Baranovitchi was chosen as headquarters town because of the universal
idea that headquarters would have to be mobile. It lay on railway-lines to north and south, east and west, and
Stavka
put up with the various discomforts in the name of mobility. In much the same way Kondzerovski bought himself binoculars, a revolver, a saddle, a map-frame and a cloak. His only visit to the front occurred in fact by the
Stavka
Rolls, the driver of which had to lend him gloves. There was not even, in the first weeks, any convenient way of communicating with the front commands. Six men operated a morse-coding machine (capable of 600 words per hour) until the end of September, when some mechanics arrived from Minsk, at the behest of the ministry of posts and telegraphs, to instal links to Rovno and Cholm; even in October, the Council of Ministers were being asked for 161,000 roubles to help equip
Stavka
with the required cable. Baranovitchi, though not much more than a collection of huts and railway-carriages, became headquarters of the Russian army for the next year of war. But in August 1914, no-one imagined that the war would last for very long, or what it would be like.

In these circumstances,
Stavka
was in no position to enforce a plan, even if it had had one. It took over the compromise-arrangements haggled over between Danilov and Alexeyev, with a supporting-chorus of Postovski, Klyuev, Dragomirov and the rest, between 1910 and 1914. In theory, the front against Germany should have been considered the main one, since the war would be decided only by Franco-Russian victory over Germany. But various modifications had been made to this, and in 1912 the plan was changed: twenty-nine and a half infantry divisions against Germany, forty-six and a half against Austria-Hungary. In this way, the army was set two different operations, and there was little contact between the two army groups leading them. Even so, there seemed to be sufficient strength on the north-western front, for intelligence established, quite early on, that there were at most four German corps and some reserve divisions
in East Prussia: enough for the nine corps of I and II Armies to deal with. Zhilinski was told to invade East Prussia.
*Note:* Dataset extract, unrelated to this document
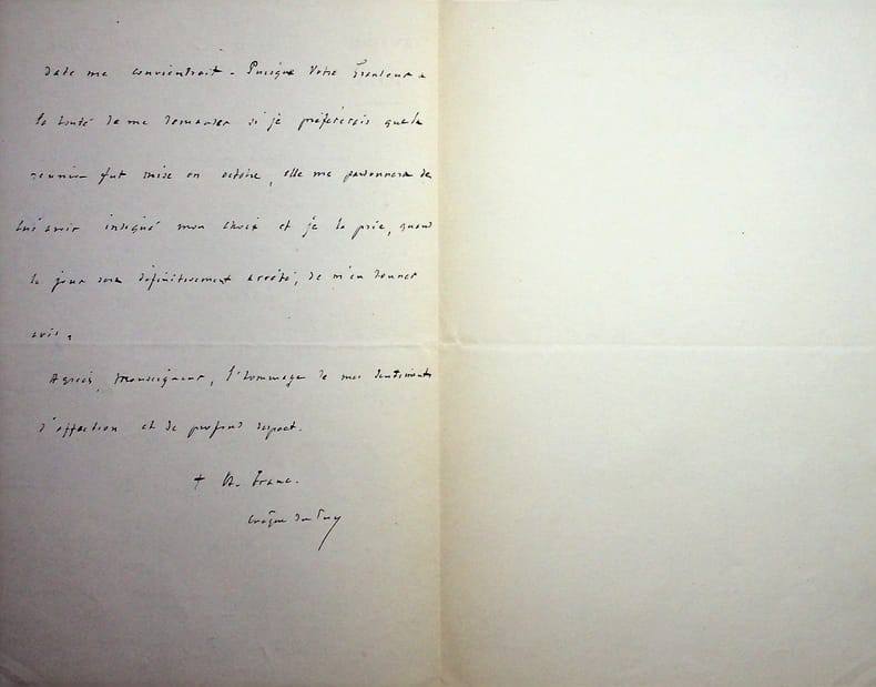 Auguste-René-Marie Dubourg (1842-1921), archevêque de Rennes, Dol et Saint-Malo, cardinal. L.A.S. à la troisième personne, Rennes, 4 janvier 1912, 1p in-12. A Louis-Ernest Dubois (1856-1929), archevêque de Bourges. « L'Archevêque de Rennes très touché & très reconnaissant remercie bien cordialement le cher & vénéré Archevêque de Bourges de ses voeux aimables. À lui aussi bonne & heureuse année ! Que Dieu continue de bénir un épiscopat qui est déjà si fécond & qui a conquis tous les coeurs des Berrichons, prêtes et fidèles ! ». [482]

In reality, the plan to invade East Prussia needed more force than it was given. Ostensibly, the province was a good target for attack, since Russian armies could be launched from two directions, south and east. But the province was also well-set for defensive action by the Germans. It had lakes, forests, small hills and defiles, which gave excellent cover for defenders and severe obstacles for attackers. The railway-links on the Russian side were poor, on the German side sufficient for a flexible defence. When the two Russian groups came across the border, they would, just at the point where they would be most tired from marching, become separated by about a week’s march by the line of lakes known as the
Angerapp-Stellung
, difficult to force without powerful siege-artillery. The two groups would have to move north and west of this position, exposing their outer flanks to attack, in the one case from the fortress of Königsberg, in the other from that of Thorn. It would be possible for the Germans to attack one group, relatively free of worry for the other, provided they used their communications properly. The Russians appreciated this; and Joffre regarded East Prussia as ‘an ambush.’ In reality, the plan made sense only if there were two whole armies protecting the outer flanks of the main ones—which Danilov had intended in the first place. But the structure of the army told against him, and only two armies plunged ahead into East Prussia.
15

Stavka
weakened this plan still more, because it thought up a third operation. The East Prussian route was not, after all, the shortest road to Berlin, and the French had quite often wondered why Russians neglected to make their most obvious manoeuvre—an attack from the Polish plains. Attack from west of Warsaw, direct towards Berlin, would strike the Germans hardest, and just before the war French representatives were keen on urging it. Russian confidence grew as railways were improved in this region—as a precaution against German invasion, this had been neglected before 1912. In 1914, Yanushkevitch decided that armies would be sent to the Warsaw region as a prelude to invasion of Germany by this most direct route. On 7th August he told the front commands that a new army, IX, would be set up here, and as new army corps arrived from the interior, they would form a further army, X, also to be assembled near Warsaw, for invasion ‘in depth’ of Germany. As things turned out, this plan was not put into effect, at least for the moment. But its existence meant that the East Prussian operation was weakened, and a third operation mounted instead.
16

It was later said, notably by Golovin, the best-known writer on the subject, that the Russian invaders of East Prussia had been considerably
inferior to the Germans, each of whose divisions was said to be worth one-and-a-half Russian divisions. There was not much truth in this. The Russian army ought to have been able to send overwhelming forces against Germany—it had sixty-seven first-line and thirty-one second-line infantry divisions, with thirty-seven and a half cavalry divisions and 5,800 guns against thirteen German infantry divisions (half of them second-line) and one German cavalry division in East Prussia, and some forty Austro-Hungarian infantry divisions in Galicia. Subtractions for the Austro-Hungarian front and for the new IX Army reduced the forces at the disposal of Zhilinski, commanding the front against Germany. Even so, there was a respectable superiority on the Russian side; the north-western front commanded twenty-nine and a half infantry divisions, the German VIII Army in East Prussia only thirteen.